- _EXERCISE DIRECTIONS_:
Print only the lines below, from the very first to the one containing "The image shows", exactly as they stand. Do not print pictures.

- _SUPPLIED INFORMATION_:
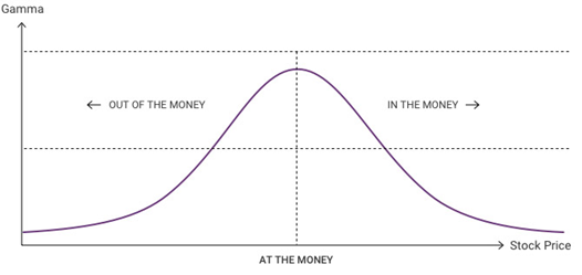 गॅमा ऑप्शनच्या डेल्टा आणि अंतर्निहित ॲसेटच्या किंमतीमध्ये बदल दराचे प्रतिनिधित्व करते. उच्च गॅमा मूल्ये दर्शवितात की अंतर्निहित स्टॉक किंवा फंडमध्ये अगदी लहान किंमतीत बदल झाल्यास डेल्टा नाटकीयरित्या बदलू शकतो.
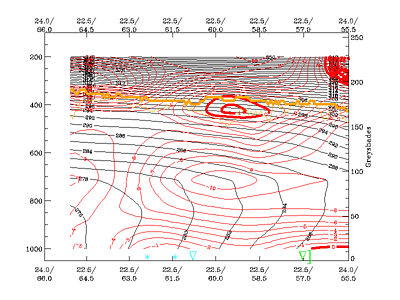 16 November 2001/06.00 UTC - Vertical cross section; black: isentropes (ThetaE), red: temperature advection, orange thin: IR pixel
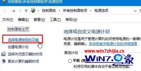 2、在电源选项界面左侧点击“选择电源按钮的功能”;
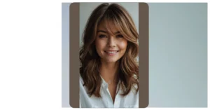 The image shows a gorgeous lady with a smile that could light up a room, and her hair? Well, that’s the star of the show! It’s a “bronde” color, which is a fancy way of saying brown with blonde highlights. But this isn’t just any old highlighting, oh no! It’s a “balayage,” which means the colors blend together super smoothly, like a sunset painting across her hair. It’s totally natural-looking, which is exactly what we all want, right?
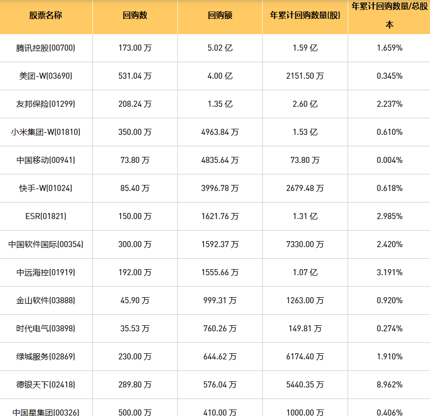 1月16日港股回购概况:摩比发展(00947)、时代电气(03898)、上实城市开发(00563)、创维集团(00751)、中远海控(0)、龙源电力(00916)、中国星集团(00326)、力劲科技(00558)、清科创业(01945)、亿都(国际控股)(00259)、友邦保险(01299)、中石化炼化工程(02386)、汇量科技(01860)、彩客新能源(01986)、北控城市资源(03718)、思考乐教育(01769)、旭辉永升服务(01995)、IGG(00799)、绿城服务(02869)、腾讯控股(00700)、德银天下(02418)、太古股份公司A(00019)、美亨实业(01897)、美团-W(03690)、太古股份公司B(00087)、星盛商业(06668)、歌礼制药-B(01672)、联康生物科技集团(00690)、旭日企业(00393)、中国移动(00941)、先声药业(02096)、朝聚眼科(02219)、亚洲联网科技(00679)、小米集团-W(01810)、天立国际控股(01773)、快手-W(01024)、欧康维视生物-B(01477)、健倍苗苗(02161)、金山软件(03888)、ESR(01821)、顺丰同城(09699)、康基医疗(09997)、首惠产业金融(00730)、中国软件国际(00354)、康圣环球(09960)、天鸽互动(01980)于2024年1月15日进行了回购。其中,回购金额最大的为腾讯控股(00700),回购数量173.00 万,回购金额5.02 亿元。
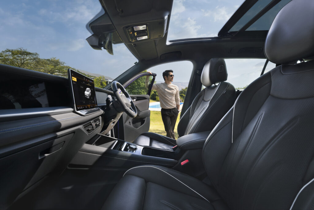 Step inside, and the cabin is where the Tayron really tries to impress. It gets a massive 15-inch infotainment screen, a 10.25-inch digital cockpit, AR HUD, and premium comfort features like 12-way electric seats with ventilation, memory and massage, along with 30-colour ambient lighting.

- _ANSWER BOX_:
 गॅमा ऑप्शनच्या डेल्टा आणि अंतर्निहित ॲसेटच्या किंमतीमध्ये बदल दराचे प्रतिनिधित्व करते. उच्च गॅमा मूल्ये दर्शवितात की अंतर्निहित स्टॉक किंवा फंडमध्ये अगदी लहान किंमतीत बदल झाल्यास डेल्टा नाटकीयरित्या बदलू शकतो.
 16 November 2001/06.00 UTC - Vertical cross section; black: isentropes (ThetaE), red: temperature advection, orange thin: IR pixel
 2、在电源选项界面左侧点击“选择电源按钮的功能”;
 The image shows a gorgeous lady with a smile that could light up a room, and her hair? Well, that’s the star of the show! It’s a “bronde” color, which is a fancy way of saying brown with blonde highlights. But this isn’t just any old highlighting, oh no! It’s a “balayage,” which means the colors blend together super smoothly, like a sunset painting across her hair. It’s totally natural-looking, which is exactly what we all want, right?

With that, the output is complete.